By NHI Mgmt Group Editorial TeamPublished 2026-04-23Domain: Agentic AI & NHIsSource: Aembit

TL;DR: Enterprises are starting to give every employee AI assistants broad access to email, calendars, documents, and internal systems, but those agents often lack a distinct identity, policy enforcement, and auditable separation from the user, according to Aembit. The governance model built for human workers does not yet fit agentic access that spans the full digital work life.


At a glance

What this is: This is an analysis of employee-facing AI assistants and the identity controls they require, with the key finding that current human-centric access models do not separate agent actions from user actions.

Why it matters: It matters because IAM, NHI, PAM, and governance teams now have to decide how to authenticate, authorise, and audit AI agents that operate across human workflows, shared data, and internal systems.

By the numbers:

👉 Read Aembit's case study on securing Claude for employee AI assistants


Context

AI agent identity refers to how a non-human actor is identified, authorised, and audited when it performs work on behalf of a person. In this case, the problem is not whether employees should use personal assistants, but whether those assistants can be governed as separate actors across email, calendar, documents, and internal applications. The primary keyword here is AI agent identity.

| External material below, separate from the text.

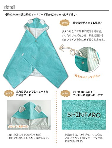 【無料名入れ】 かわいいお耳付き バスポンチョ★ お名前刺繍する お風呂上り・水遊びに◎おくるみ代わりにも 優しい肌触りで赤ちゃんから使える♪ 出産祝い 【日本製】 (ブルー)
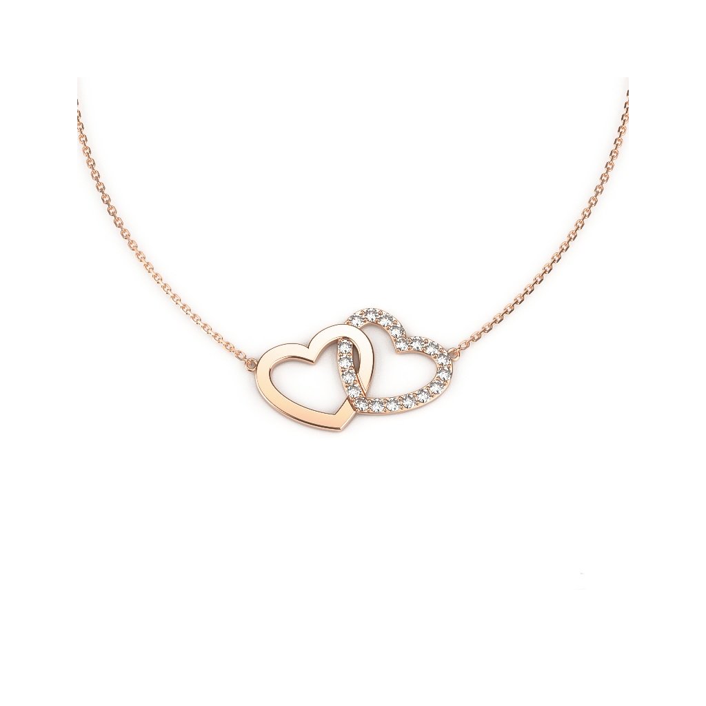 Ak hľadáte výnimočný darček, je ním táto retiazka z ružového štrnásť karátového zlata s príveskom v tvare dvoch spojených srdiečok. Srdcia sú spojené na pevno, jedno je hladké a lesklé, druhé je vykladané žiarivými briliantmi. Celebritka je v ponuke v rôznych farebných prevedeniach.

Most enterprises still treat the assistant as an extension of the human user, which collapses the distinction between user intent and agent action. That works only until the assistant can move through Microsoft 365, internal systems, and data repositories with enough breadth that the organisation can no longer explain who did what, when, and under which policy.

That is a typical starting position for early agent deployments: enthusiasm first, identity design later. The article shows why that order creates avoidable governance debt.


Key questions

Q: How should security teams govern personal AI assistants that act on behalf of employees?

A: Treat each assistant as a distinct non-human actor with its own identity, policy scope, and audit trail. Human delegation alone is not enough when the assistant can move across email, documents, calendars, and internal systems. Governance should bind the sponsor, the executor, and the target resource so access reviews and investigations can separate request from action.

Q: Why do AI agents complicate existing IAM and access review processes?

A: Because traditional IAM assumes the authenticated subject is also the actor whose access is being reviewed. AI agents break that assumption when they execute tasks on behalf of a person, sometimes across multiple systems in one workflow. Review cycles must therefore evaluate what the agent can do, what it actually did, and whether the current scope still matches the task.

Q: What breaks when an AI assistant uses the same identity as the employee?

A: Attribution breaks first, then policy enforcement and investigation quality. If the assistant and employee share one identity, security teams cannot tell whether an email was drafted, a file was moved, or a system was queried by the human or by the agent. That makes accountability incomplete and weakens incident response.

Q: Who is accountable when an employee-facing AI agent makes a risky action?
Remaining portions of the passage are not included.